Start of MATERIALS PROVIDED

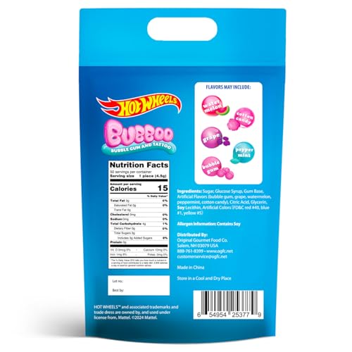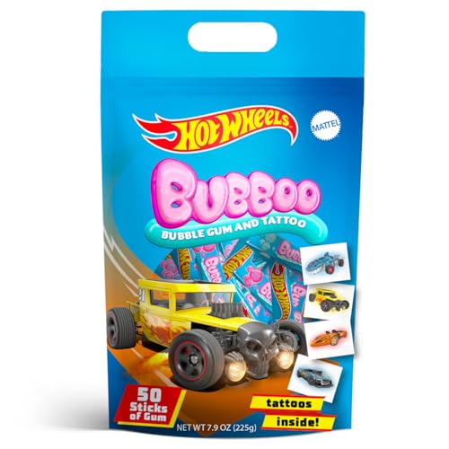 - Hot Wheels Bubble Gum and Temporary Tattoos Set - Bubboo Set with 50 Pieces of Bubblegum in 5 Flavors and 50 Temporary Tattoos for Boys, Kids | Hot Wheels Party Favors Pack.
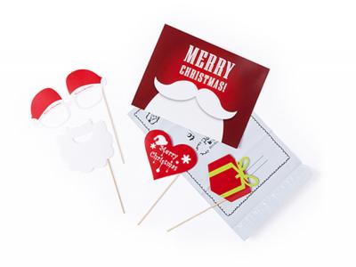 With these Christmas selfie sets, the fun on every Xmas party is guaranteed. 4 cheerful Christmas accessories (beard, gift, heart and Santa Claus glasses) made from high grammage paper with a wooden handle will come delivered in an envelope together with a christmas card which will be customised with your logo.
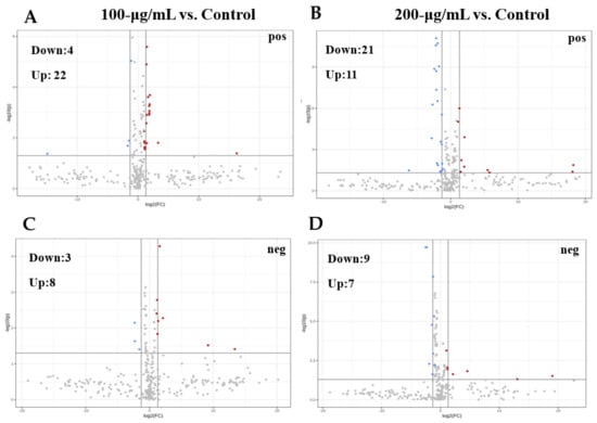 Volcano plot analysis of 100μg/mL CV-treated vs. the control in the positive (A) and negative (C) modes, and 200-μg/mL CV-treated vs. the control in the positive (B) and negative (D) mode.
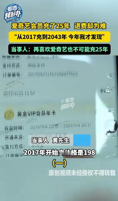 河南一男子在爱奇艺刷剧时,竟然发现自己会员,还有18年才到期,也就是2043年,他一开始还以为是系统漏洞,自己捡了大便宜,结果告诉家人后,却被告知,会员是家人当时一次性充值的,整整25年!从2017充到2043年,男子吐槽:再喜欢爱奇艺也不可能充25年!   近日,河南的郭先生(化名)观看电视剧时惊觉,他的的会员竟还有18年才到期,精确推算,到期时间为2043年。这一发现令郭先生大吃一惊,毕竟会员续费时间通常在一年或两年内,他的会员竟然会有如此长久的有效期。   起初,他以为是系统出现了漏洞,自己捡了一个“天大的便宜”,想着这也许是一次意外的错误,自己有幸碰上了。   然而,郭先生随即把这件事告诉了家人,没想到家人却告诉他,这一切并非是系统的错误,而是早在2017年,家人为了给他一次性充了25年的会员,支付了相当可观的一笔费用。   这一事实令郭先生愕然,他表示“再喜欢爱奇艺也不可能充25年”,原来,家人在当时的确觉得郭先生非常喜欢追剧,干脆一次性充值了这么长的时间,不仅省去了每年续费的麻烦,而且可以“稳稳地追剧”多年。   不过,郭先生对这一“充值计划”感到有些不解,他认为,25年的会员费用显然是不合理的,毕竟无论是从平台的服务内容,还是个人的需求来看,这样的长期订阅都显得过于超前和不切实际,而且,早在2021年,爱奇艺的部分会员政策和内容也发生了变化,郭先生觉得家人当初的选择可能并没有充分考虑到这些变化。   在郭先生发现这一异常情况后,立马就咨询是否能够退还多余的费用,爱奇艺的客服第一时间响应了郭先生的诉求,表示会根据相关规定处理退费事宜。   客服人员解释,由于他充值的账户已经停用,无法直接退还至原账户,因此,退费将会以确保同一人实名的账户为前提进行处理,并确保郭先生能够顺利拿到退款。   爱奇艺的迅速反应和专业处理也让不少网友点赞,有网友表示,虽然爱奇艺的会员制度有时会显得不太透明,但这次的处理速度和态度都非常及时和到位,给人留下了不错的印象。 当然,也有一些网友对郭先生家人当时选择充值25年会员的做法表示质疑,有网友认为,虽然一开始的初衷是好的,但长达25年的会员订阅确实过于超前,这种极长时间的续费安排,不仅无助于平台的良性运营,也容易让用户在未能充分了解会员权益变化的情况下做出不合适的决策。   而且,这种长时间的预付款模式,也让消费者在后期难以享受应有的灵活性和选择权,类似的情况,也促使一些用户开始思考,平台是否应该为会员设置更灵活、合理的订阅期,以便适应不断变化的市场和消费者需求。   总体来看,郭先生在爱奇艺会员问题上的经历,成为了网络热议的焦点,这个看似简单的会员续费事件,实则揭示了如今数字内容订阅市场中的一些潜在问题。   首先,平台应当更加明确和合理地设置会员政策,避免出现类似这样的端案例其次,消费者在选择订阅服务时,也应该更加谨慎,了解清楚各类服务的时间、费用、更新情况等,避免因冲动或不慎而做出不理智的决定。   但不管怎样,郭先生能够及时得知真相并获得退款,体现了爱奇艺客服的效率与专业,也让很多人看到了平台在处理用户问题时的责任感,这种快速有效的处理方式,足以成为消费者与平台建立长期信任关系的重要基础。 信息来源 :都市报道
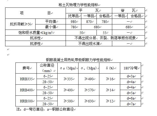 粘土瓦物理力学性能指标钢筋混凝土用热轧带肋钢筋力学性能指标
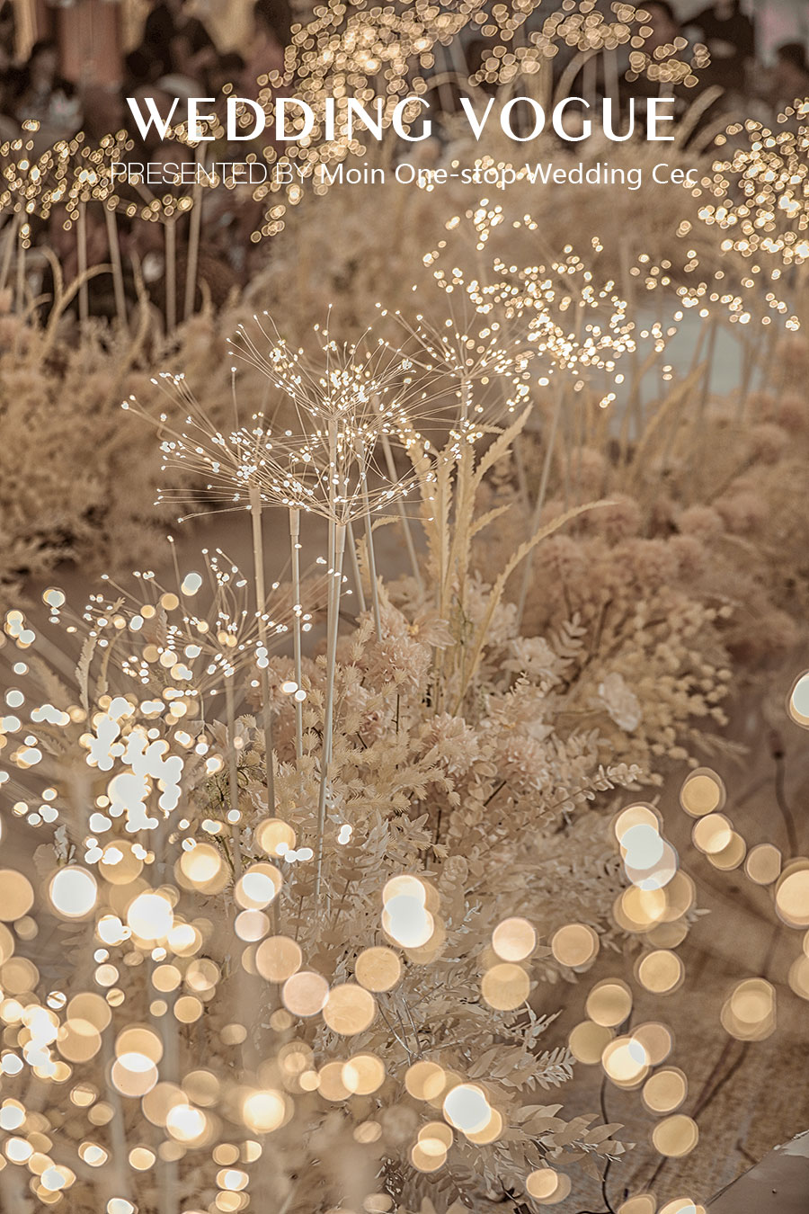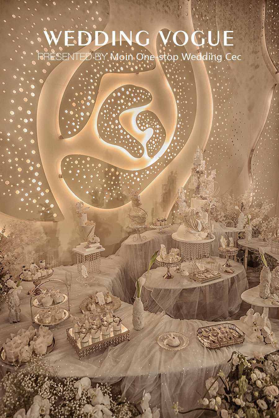这场婚礼《时光之境》的整体灵感来源于新娘的爱情观:繁花似锦觅安宁、淡云流水度此生,时光是一个很美好的词语,可以珍藏美丽的记忆。
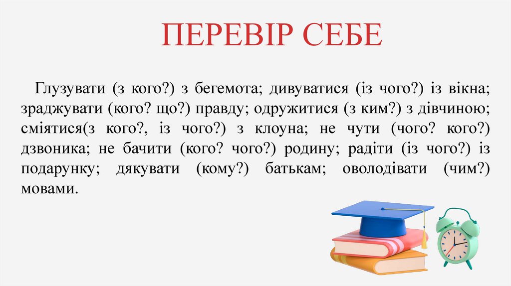 ПЕРЕВІР СЕБЕГлузувати (з кого?) з бегемота; дивуватися (із чого?) із вікна;
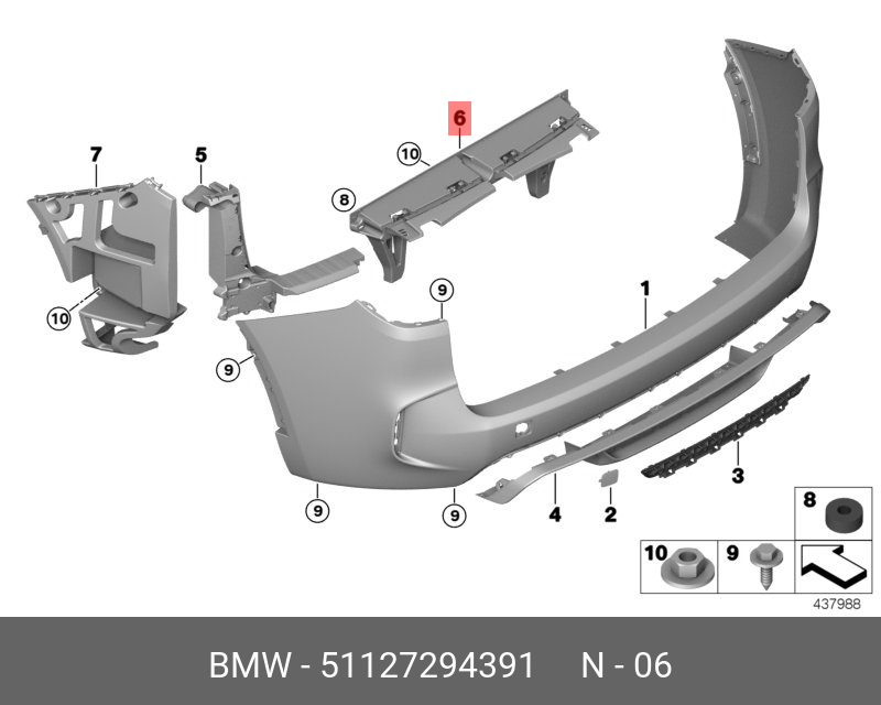 | Название | 51127294391 bmw среднее крепление заднего бампера |

End of MATERIALS PROVIDED

The answer must consist solely of the lines from the line containing "这场婚礼《时光之境》的整体灵" to the end of the data, reproduced exactly, with every picture left out.

这场婚礼《时光之境》的整体灵感来源于新娘的爱情观:繁花似锦觅安宁、淡云流水度此生,时光是一个很美好的词语,可以珍藏美丽的记忆。
 ПЕРЕВІР СЕБЕГлузувати (з кого?) з бегемота; дивуватися (із чого?) із вікна;
 | Название | 51127294391 bmw среднее крепление заднего бампера |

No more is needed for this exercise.